Just change one thing at a time and use your measureing kits to get results which you can then track (and graph) in excel. That way you will be able to get a feel for how much and how often you need to dose to get good growing results.

From my experiance the following can help...

Keep NO3 and PO4 in balance and things go well, do a search for 'Redfield ratio' to find out the relationship between NO3 (nitrate) and PO4 (Phosphate) 

I mix dry powder with 500ml tap water as follows.

KNO3 3 TBS to 500ml
K2SO4 5 Tsp to 500ml
Trace 3 TBS to 500ml
PO4 1 TBS to 500ml

dosages I am working on for my 45 litres Anubias tub at present are...

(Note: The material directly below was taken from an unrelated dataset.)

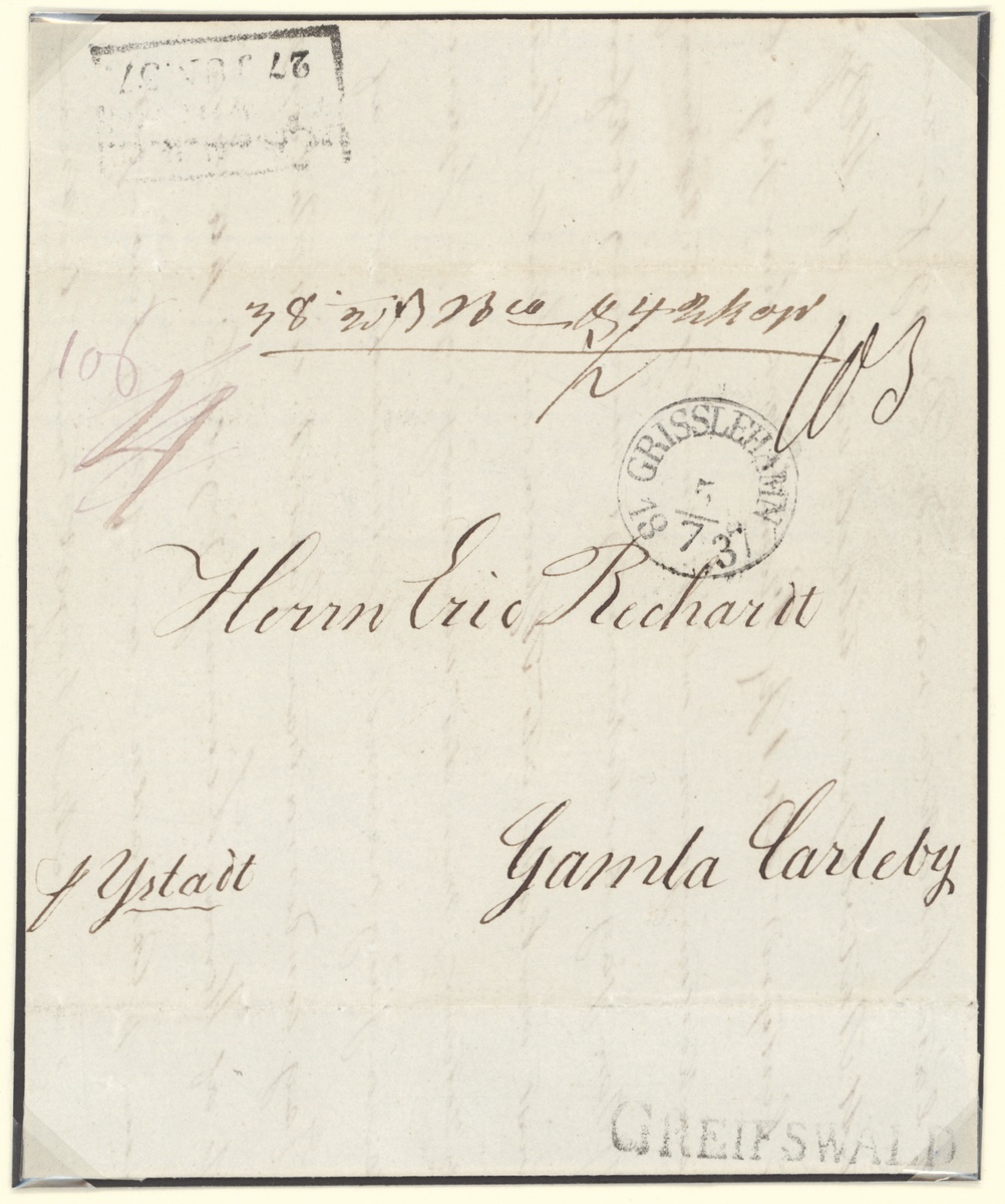 1837 (27 June) entire letter from Hamburg to Gamla Carleby with a variety of manuscript rate markings, Grisslehamn datestamp, on reverse

KNO3 .25tsp powder or 16ml
K2SO4 18ml
PO4 2ml
Mg .25 tsp
FE 1ml Seachem or 2ml of Trace mix


----------



## Rob Tetrazona

Crapu',

I've been growing aquatic plants emersed since March of this year. I've had varying levels of success with foreground and stem plants, not much luck with Anubias. I like your approach and would like to try something similar.


----------



## Crapu'

Thanks for your replies guys!

I have a potential big problem on my hands. It's been 10 days since I set it up and there is almost no growth recorded. I know anubiases are slow growers and that they need to get used to my new setup,BUT comparing to the ones in my aquariums there should have been changes. I watch the new leaves which were sprouting when I got them to see changes. Just yesterday I noticed a very small growing of the new leaves, but I am waiting for them to show all the leaf, in order to see if I got the nutrients right.

I have in this tank 62 anubiases (barteti barteri, barteri nana, b. nana coffeefolia, lanceolata, congensis and petite). In these 10 days I lost 2 (the rizome rotted even if I didn't burry the rizome - I have no idea why) and I just found one that was starting to rot [ photo 1 ]. I sectioned the rizome untill I got to the good tissue and I put it back. Do you have any idea why that happened?

I also noticed some signs of nutrient defficiency. Please help me identify it:

1. some of the leaves turned to pale green between the veins, but the veins remain dark green. [ photo2 ]. This would be a iron or nitrogen defficiency? Right? There are no new leaves to see if they are paler but I gues it's iron, right? There is no way it could be iron since I put 1/2 tablet of Dennerle E15 Feractiv in the water weekly which should be dosed for 50 l of aquarium water every month.

2. I also noticed that 1-2 leaves are dried and starting to rot at the tips, but I guess this is because the plants remained unmisted 2 days when I left town for a wedding, right? [ photo3 ]

3. On 2 leaves I noticed some pale spots. Does anybody know what they mean? [ photo4 ].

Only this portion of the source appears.